First, be ready to be surprised. Harold Camping had to revise his date. Are we really going to buy the new one from someone who couldn’t get it right the first time? Even his wife had to tell him during their first night together “Honey, that’s not it.” Heck the Jehovah’s Witnesses have given up after four failed dates have passed and said “Enough with this $hit.” And the Scientologists? I haven’t been hearing the phrase “Beam me up!” lately, so I’m thinking they’re going to be sitting back and chuckling while watching the skies for the mothership…or Kathy Griffin. Rumor has it she’s their leader and making fun of them in her act is just a clever disguise to test their faith. The moral of this is to keep an open mind.

Second, come to terms with whether you’re on Team Edward or Team Jacob. And while you’re at it, can we please check Justin Bieber’s scalp for a 666? You never know who’s going to be leading the way in the underworld and it might be in our best interest to pick up a couple of his CDs just in case to show our support.
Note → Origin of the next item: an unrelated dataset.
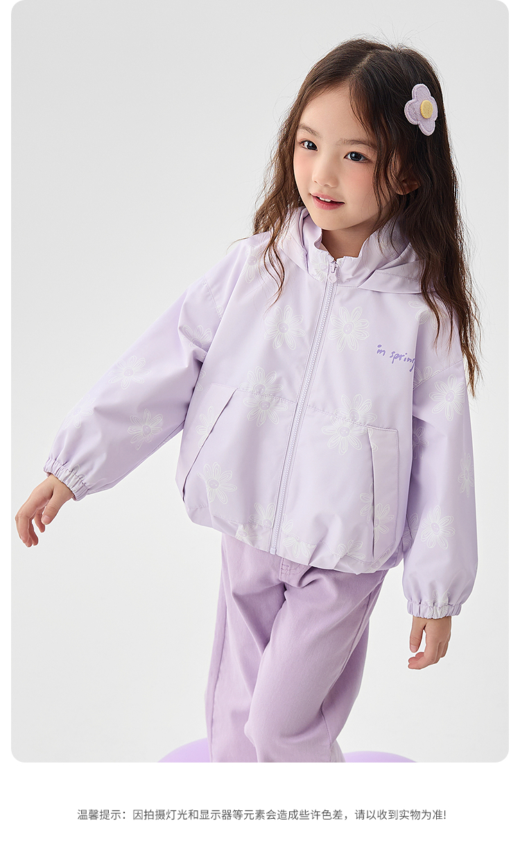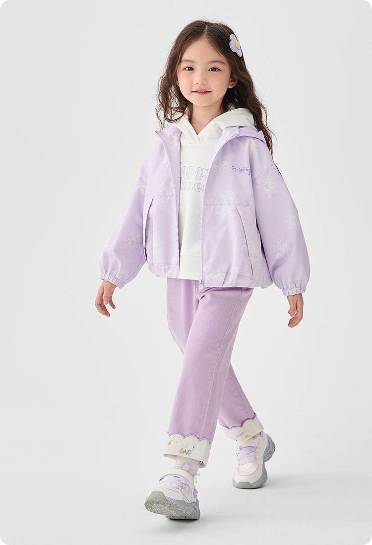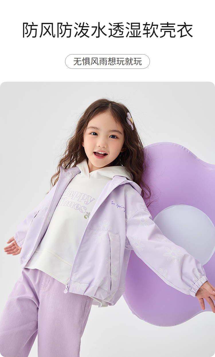 巴拉巴拉童装女童软壳衣2025春季新款连帽外套印花潮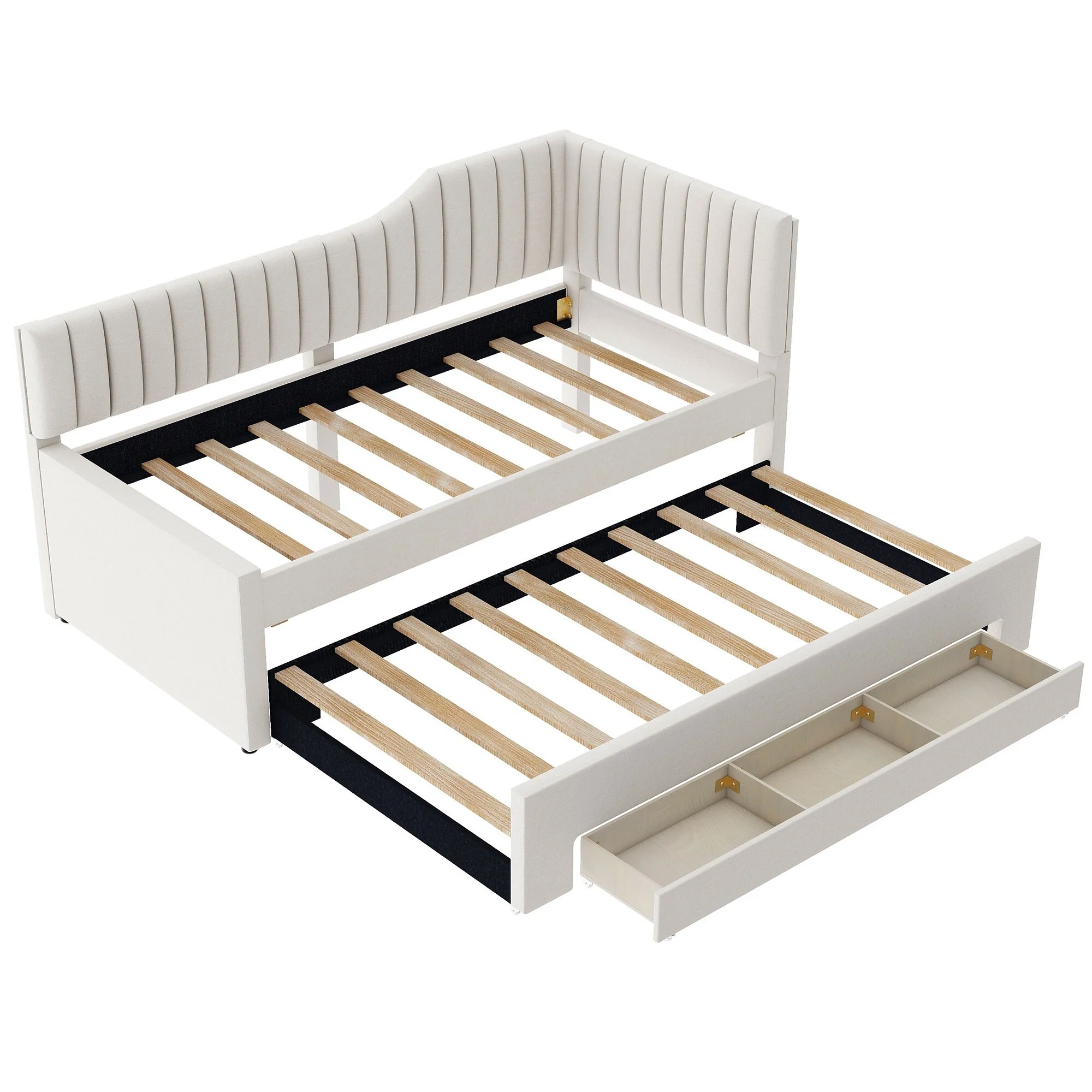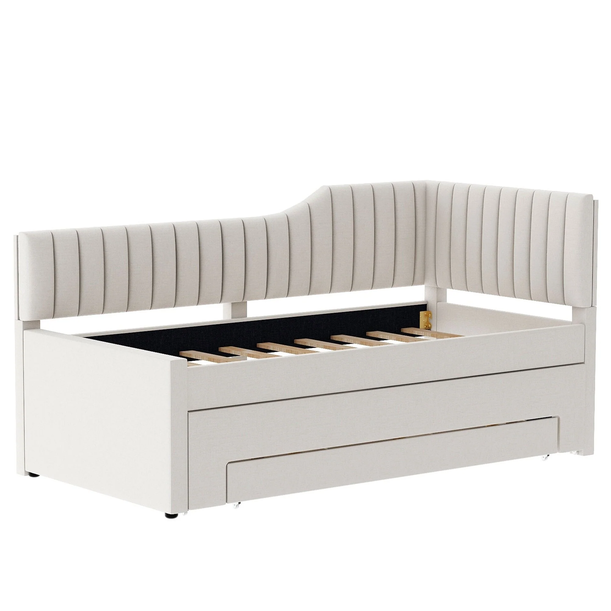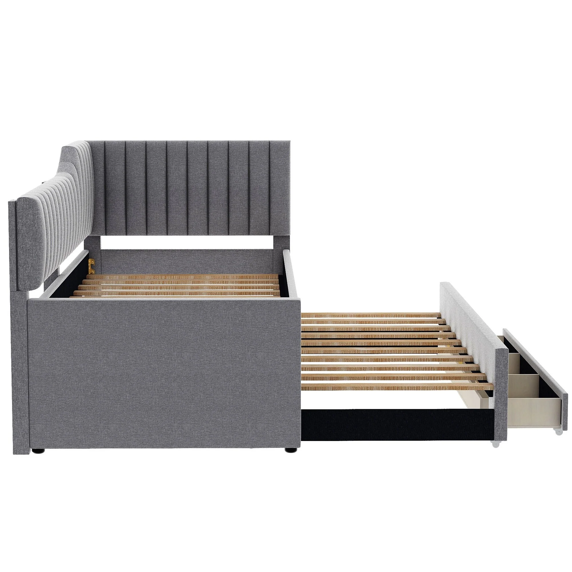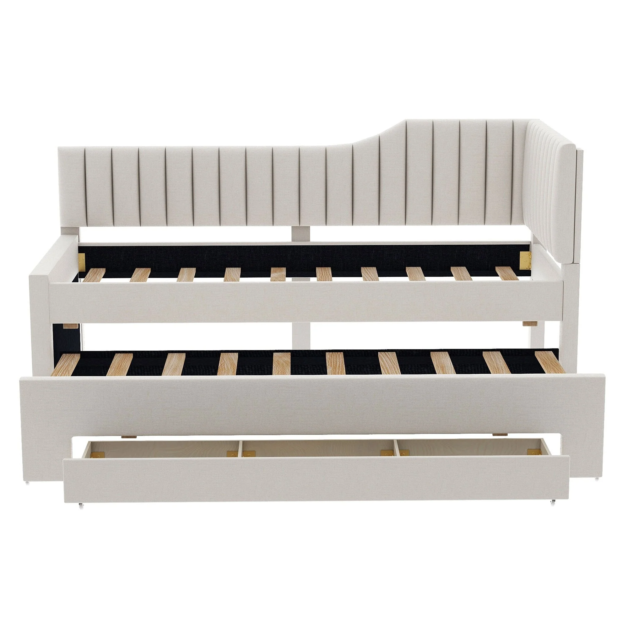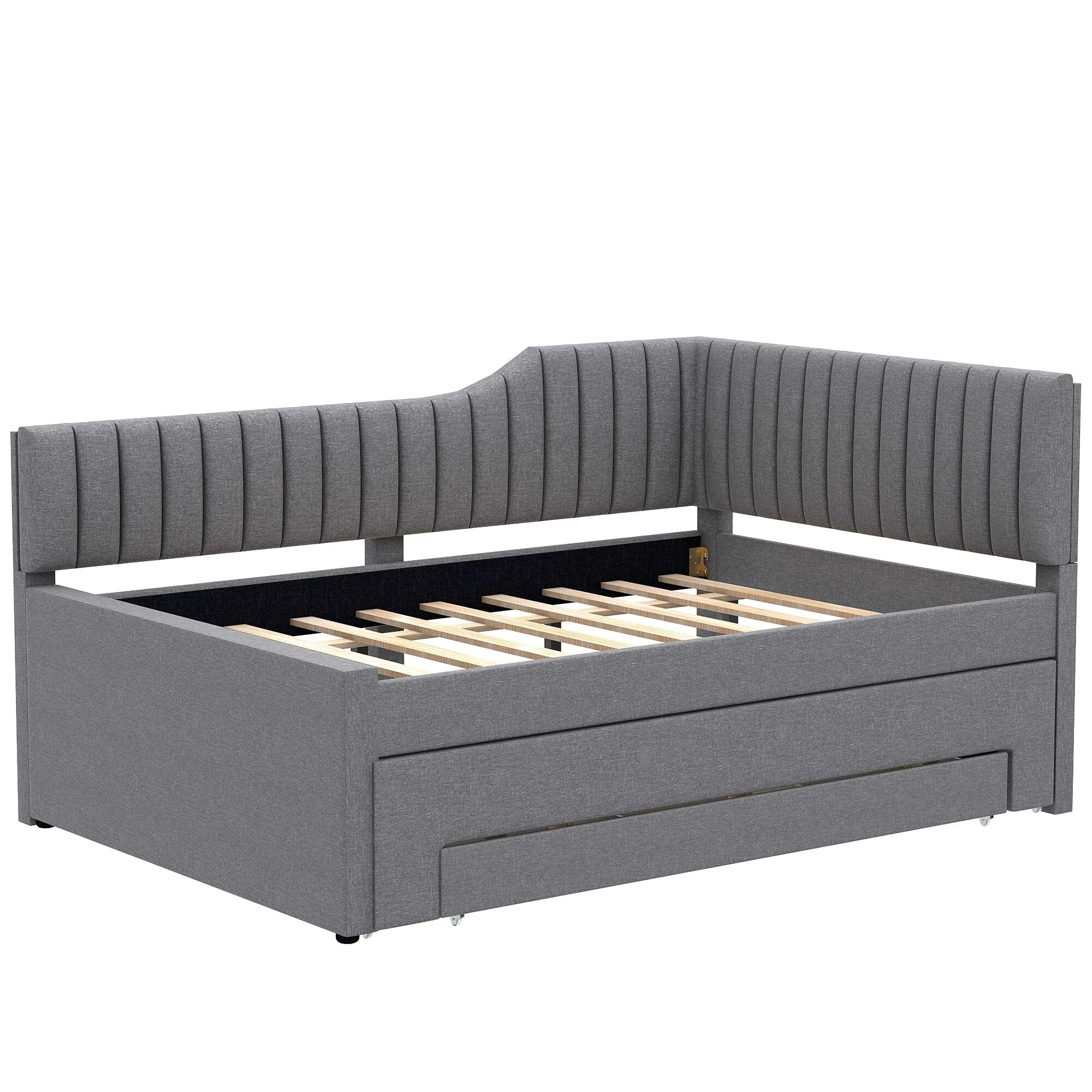 Daybed Captain Bed Upholstered Bed with Trundle and 3 Drawers, Elegance Stripe Design L-Shaped Upholstered Daybed Platform Bed

We might want to pick up David Hasselhoff’s albums, too, because you know he and Tony Danza are going to be sitting on a throne of human bones swapping stories about being showcased on the walls of the Trademark Productions office.

Yeah, exactly.

Finally, I highly recommend buying very comfortable, very expensive underwear just in case we’re wrong and it does happen. This way, at least we’ll be pulling them down with some dignity as we’re about to take it in the bum for ever having doubted the whole thing in the first place. If not, we’ll be seeing you Monday morning. Come to think of it, I may be doomed to being left behind for Monday morning anyway. Oh, Kirk Cameron…how I wanted to mate with you back when I was in high school.